With support from decision-makers, Espinas said the clinic decided to introduce the screening during the three-year-old wellness visit. They chose that time because there are few forms to fill out and shots to be injected, and “a lot of developmental issues have calmed down.” However, unlike The Children’s Clinic in Portland, OR, they are not asking parents to complete ACE or resilience surveys about their own childhoods.

Parents complete an ACEs survey for their children in the exam room while waiting for the doctor. The survey asks them to tally up their children’s ACE score without indicating the specific adverse childhood experience, said Espinas, who explained that it was adapted from the ACEs survey developed by the San Francisco-based Center for Youth Wellness.

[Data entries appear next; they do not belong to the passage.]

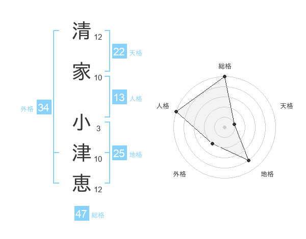 清家 小津恵さんの総格は47画の5点!
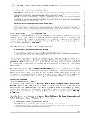 Ley de Obras Públicas y Servicios Relacionados del Estado de Oaxaca. INFORME INDIVIDUAL CUENTA PÚBLICA MUNICIPAL 2022
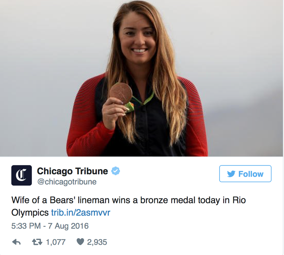 Trapshooter for the US Corey Cogdell- Unrein won her second bronze medal this summer at her third Olympic appearance. The Chicago Tribune announced her success with a tweet in which they referred to the Olympian as “Wife of Bears’ lineman”. Immediately they received backlash from the twitter-sphere, which pointed out the sexist nature of the tweet. Attention Chicago Tribune, she has a name.
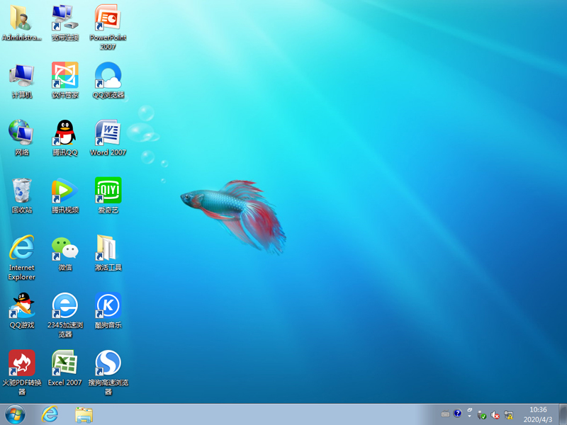 * 办公套件采用的是精简版Office2007,集成Office补丁至2020.04(可通过微软漏洞扫描)
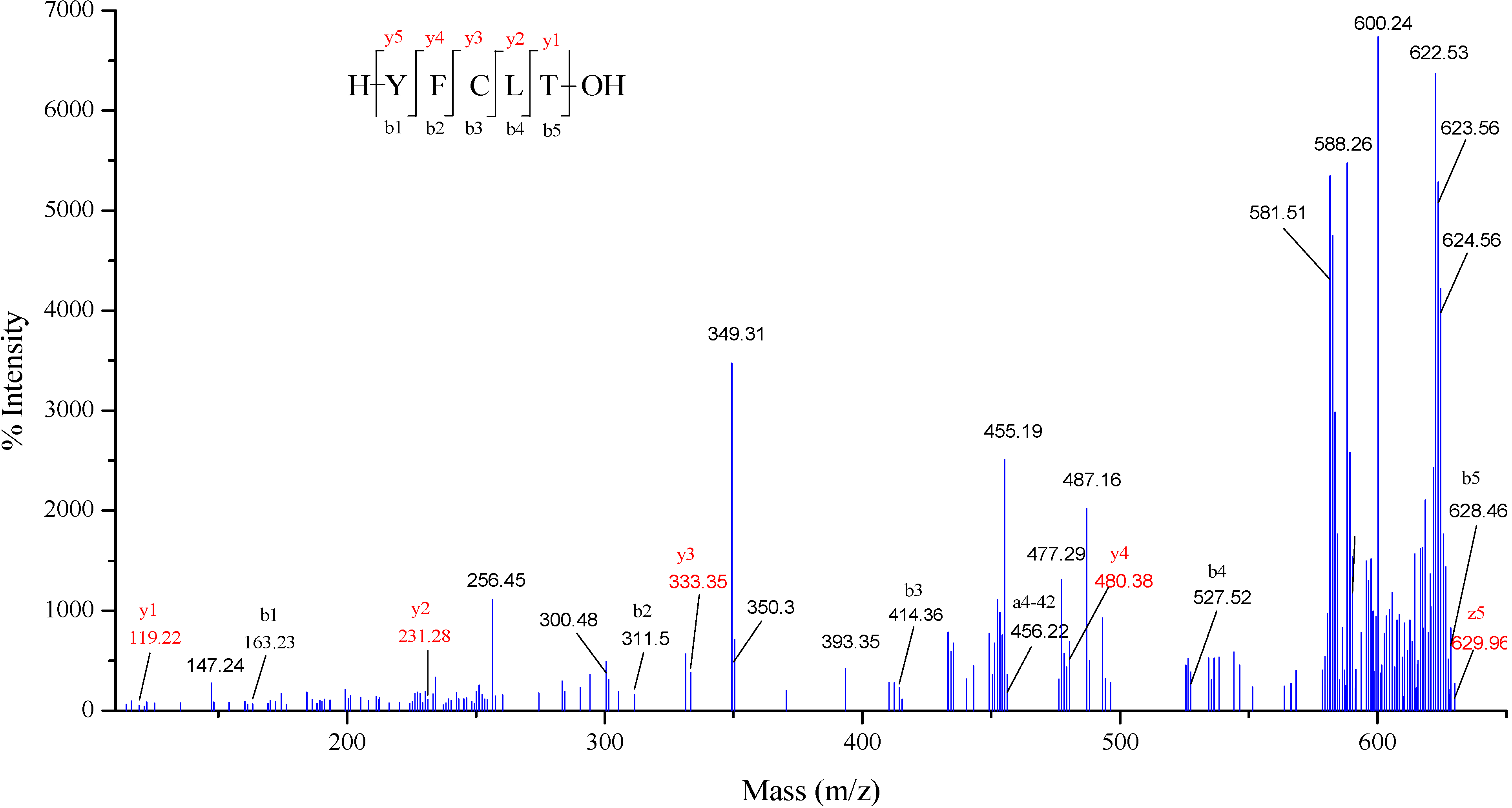 3.7. Identification of Antioxidant Peptide by MALDI-TOF/TOF MS/MS

When 32 pediatricians began screening in 2016, they were surprised by their patients’ reactions. “We actually found that families found the screening to be beneficial,” Espinas said. “So many said, ‘I’m so glad you’re asking about this.’”

“We wanted them to express concern, thank them for filling out the survey, give them resources -- think our patient population wants us to ask these questions. They want resources,” he added.

Of the hundreds of children screened, only about 10 children had ACE scores over 4, explained Espinas. Those families were referred to psychiatric services at Kaiser and also to Help Me Grow, Oakland’s First Five organization, which has helped to link them up with services in the community. The two agencies share information, and Espinas said that six out of the 10 referrals to Help Me Grow are continuing with community-based services they have been provided.

Espinas said that while they didn’t have the staffing to do an exact count of how many children were screened in the first year, they now have a grant that will afford them that opportunity. Over the next two years, he explained, they’ll also look at how patients, staff, and doctors are responding to the ACE screening, the demographics of those screened, and how the screening affects workflow.

“We’ve achieved the goal of making it [ACEs screening] mundane, part of muscle memory,” said Espinas, adding that Kaiser San Jose has also followed their lead and has begun screening three-year-olds. The next step, he said, will be expanding screening to all ages from birth to 5.

“Just as families are messaged around nutrition every visit,” he said, “they will be messaged around ACEs for the first five years so that questions about ACEs will be as routine as talking to parents each time about nutrition.”